Las intervenciones aisladas de Oblak y Ochoa, las protestas del Málaga por una posible mano y penalti de Juanfran y el final de la primera parte terminaron por encender el ambiente.

Sería en los minutos finales cuando tuvo lugar el momento más bochornoso de la tarde. En plena contra malagueña, el desafortunado incidente con el recogepelotas tuvo lugar. No logró su objetivo, pero eso no borra el hecho de haber cometido una acción ruin. El Málaga continuó atacando y no aprovechó su ocasión. Simeone, en las imágenes, se gira al banquillo y hace una indicación. Cada uno que interprete lo que quiera, pero si la orden es del Cholo, que lo parece, el escudo que tanto ama estuvo cerca de ser manchado por él mismo.

Al finalizar la primera parte y como manda la norma, Mateu Lahoz, al no saber quién había sido el responsable del lanzamiento del balón, mandó a la grada a Simeone, jefe y señor de ese banquillo. Si el balón viniese de la grada, el responsable sería el delegado. Si viene del banquillo es el entrenador.

Fue el segundo balón que entró en el campo cuando no debía ya que Javi Gracia cortó un saque rápido del Atlético anteriormente metiendo otro esférico en el terreno de juego. No le vale de excusa a nadie, pero los hechos son los hechos.

El Ángel aparece

En la segunda parte, el Atlético mantuvo la presión sobre el Málaga y ya con Simeone en el palco buscó el 1-0 con todo su arsenal. El problema rojiblanco era que su mejor arma tendría que salir desde el banquillo y ese fue Ángel Correa.

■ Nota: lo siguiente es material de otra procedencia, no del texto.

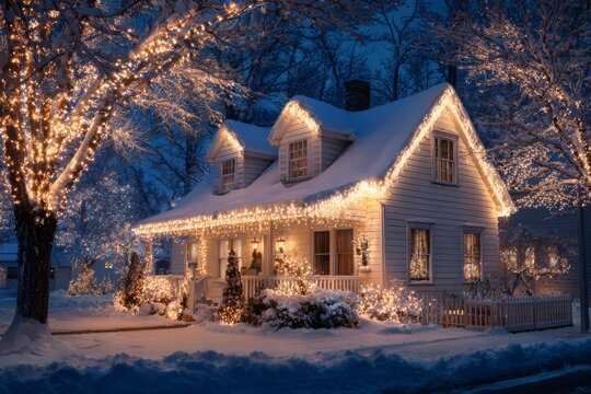 Golden string lights over snowy garden path at dusk creating cozy warm glow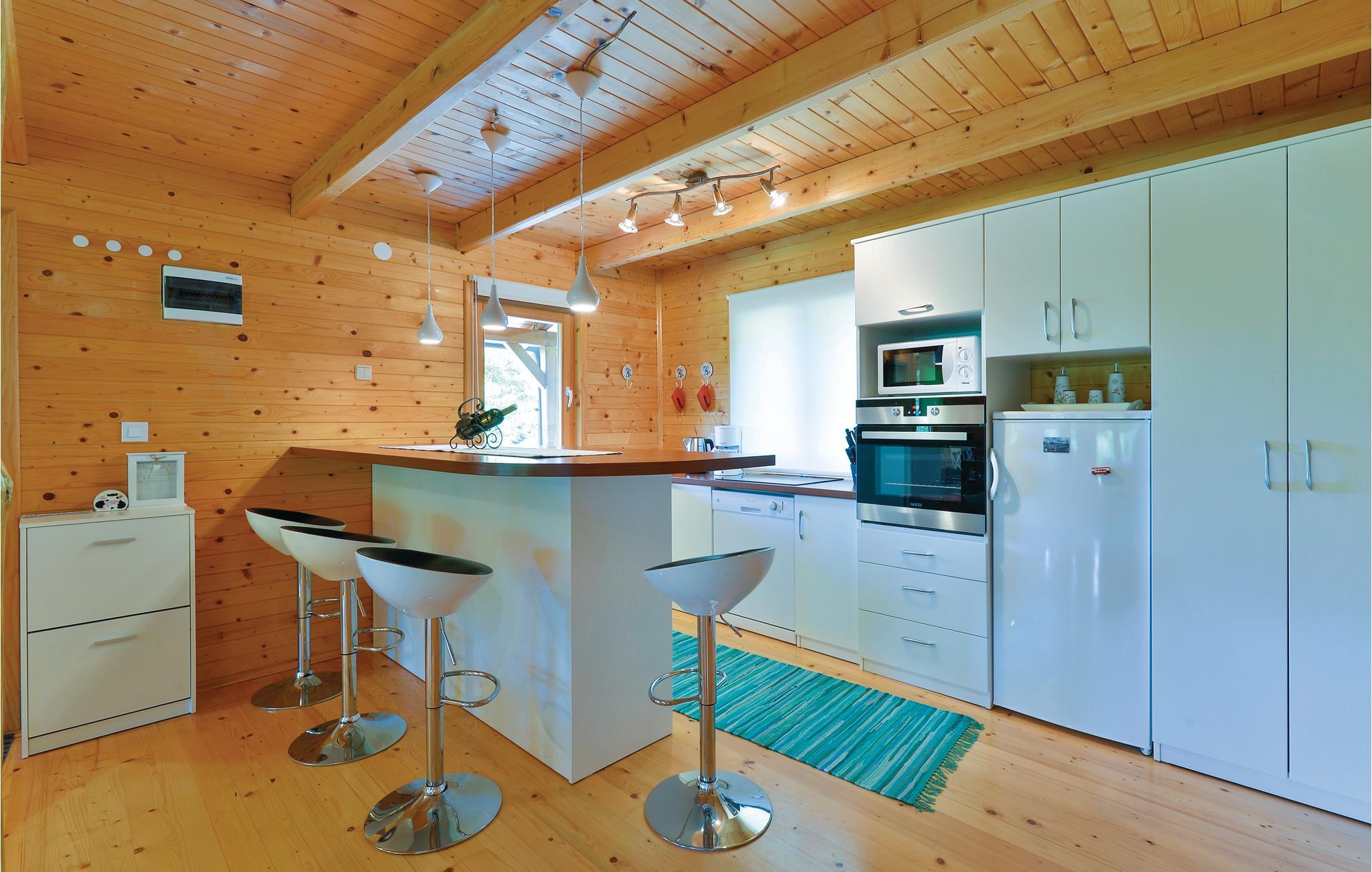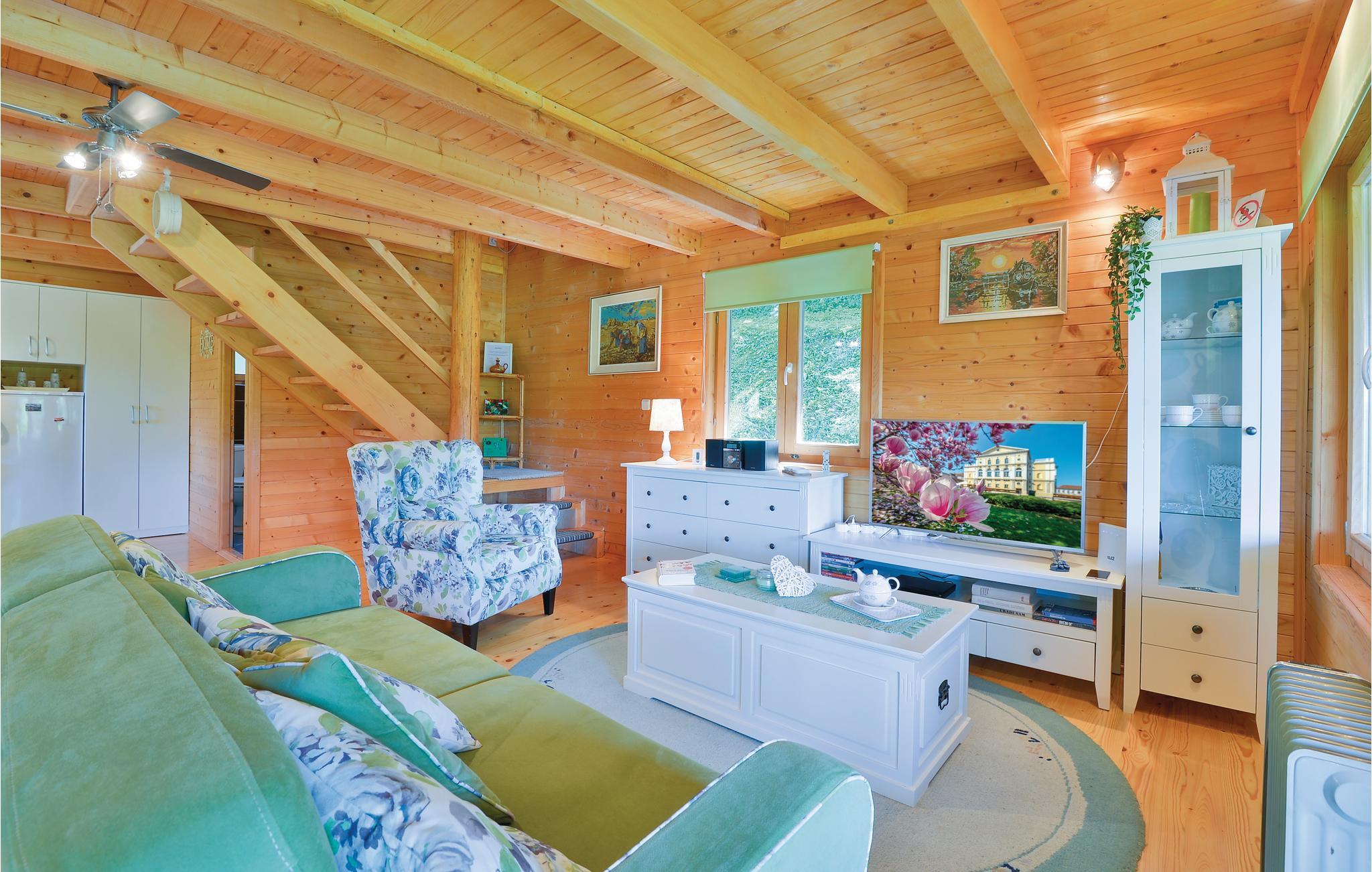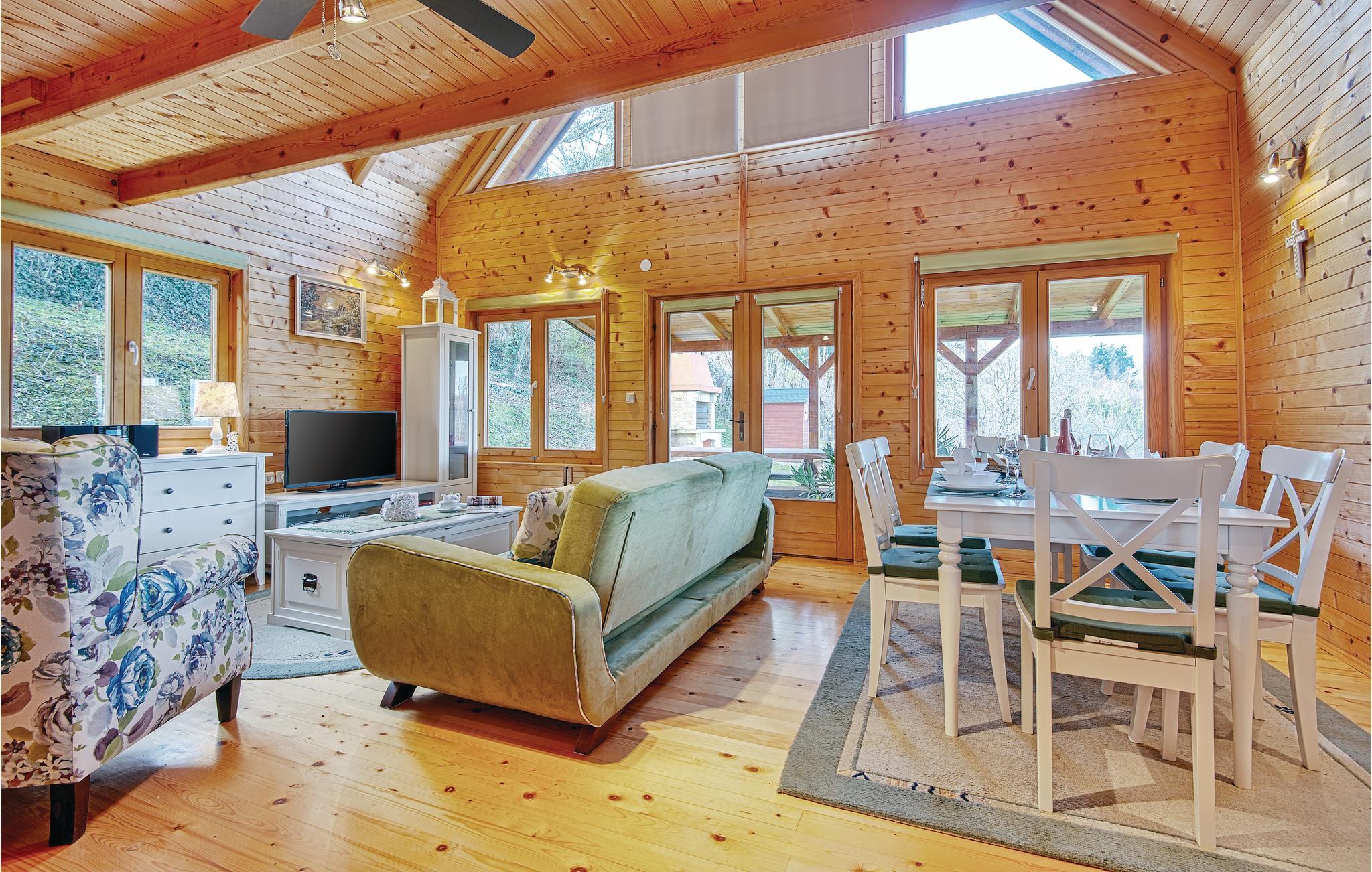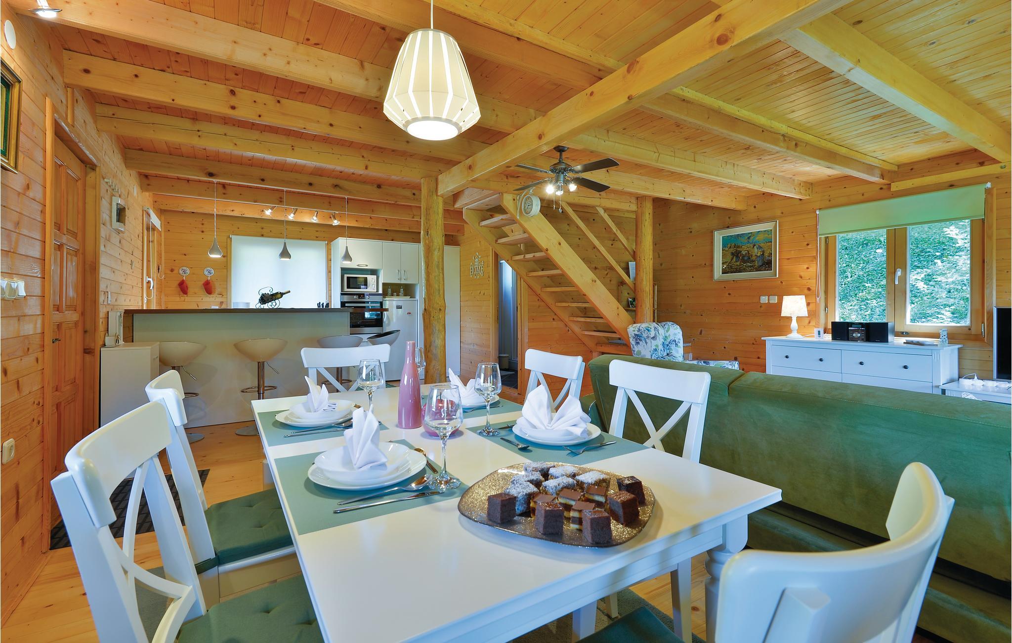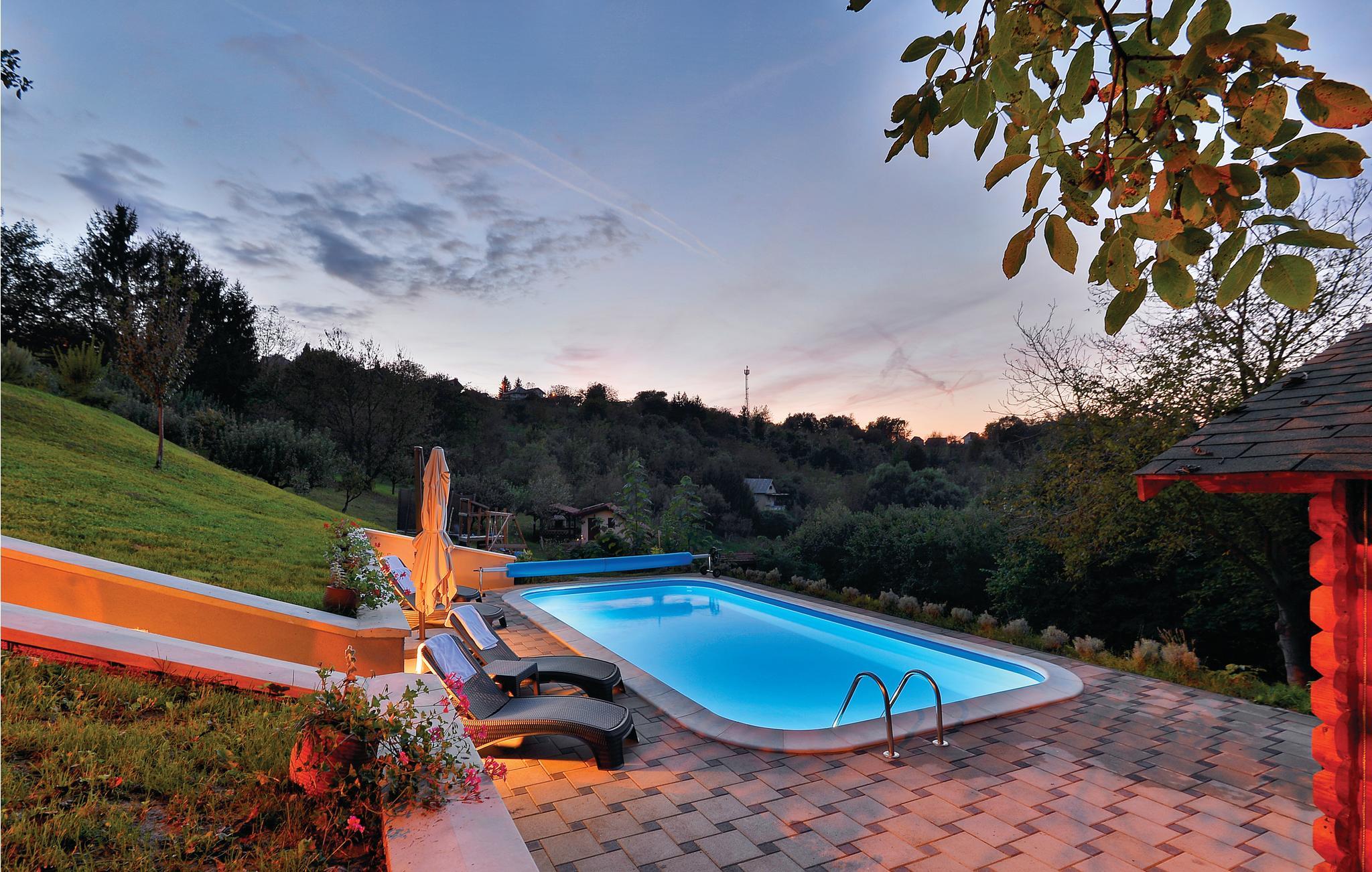 Lidt i afstand af Varazdinske Toplice ligger dette omhyggeligt indrettede hus bygget af træ. På den store grund ligger poolen, med et springvand og et uv-vandrensningsanlæg samt et stort legeomårde til børnene og en terrasse hvor I kan slappe af i den behagelige skygge. Husets indre er smukt og moderne indrettet og huset selv er udstyret med alle former for komfort, til en afslappet ferie. I stueplan er der et opholdsrum med udsigt over terrassen, køkken og spisestue og et badeværelse. På første sal med skrå vægge (60 cm i siden) er der to soveværelser, en hems og et badeværelse. Der er kun en km til Varazdinske toplice, et kurbad med mineralske kilder, wellness, sportsanlæg og mulighed for at gå afslappede ture i naturen. I løbet af ferien er der også oplagt at besøge byen Varazdin, hvis monumentale og kunstneriske fortid afspejles af barokarkitektur og de harmoniske pladser og de romantiske smalle stræder. Glem ikke at besøge englemuseet.

Simeone se dio cuenta de que la defensa andaluza no daba tregua por el aire y quitó a un tocado Carrasco para buscar la calidad a ras de césped de Correa. Fue salir el terreno de juego y el argentino se hizo con los mandos. Sus capacidad de desborde es única y difícil de encontrar y con esas cualidades generó el 1-0 a la hora de partido. Balón en sus pies, búsqueda del espacio y disparo a portería que desvió lo justo Albentosa para despistar a Ochoa. El Ángel había bajado al Calderón.

El estadio rojiblanco gritó de rabia con el tanto y el equipo se quitó 20 kilos de presión de encima. El Atlético se soltó y siempre conducido por Correa pudo sentenciar en varias jugadas. Augusto entró al campo por Griezmann y terminó de dar solidez al centro para evitar sustos del Málaga.

El pitido final dio vida a un Atlético que sigue peleando la Liga con lo que hace en el terreno de juego. No debería cambiar esa seña de identidad de los rojiblancos si quieren seguir siendo un equipo conocido por su coraje y corazón, como reza su himno.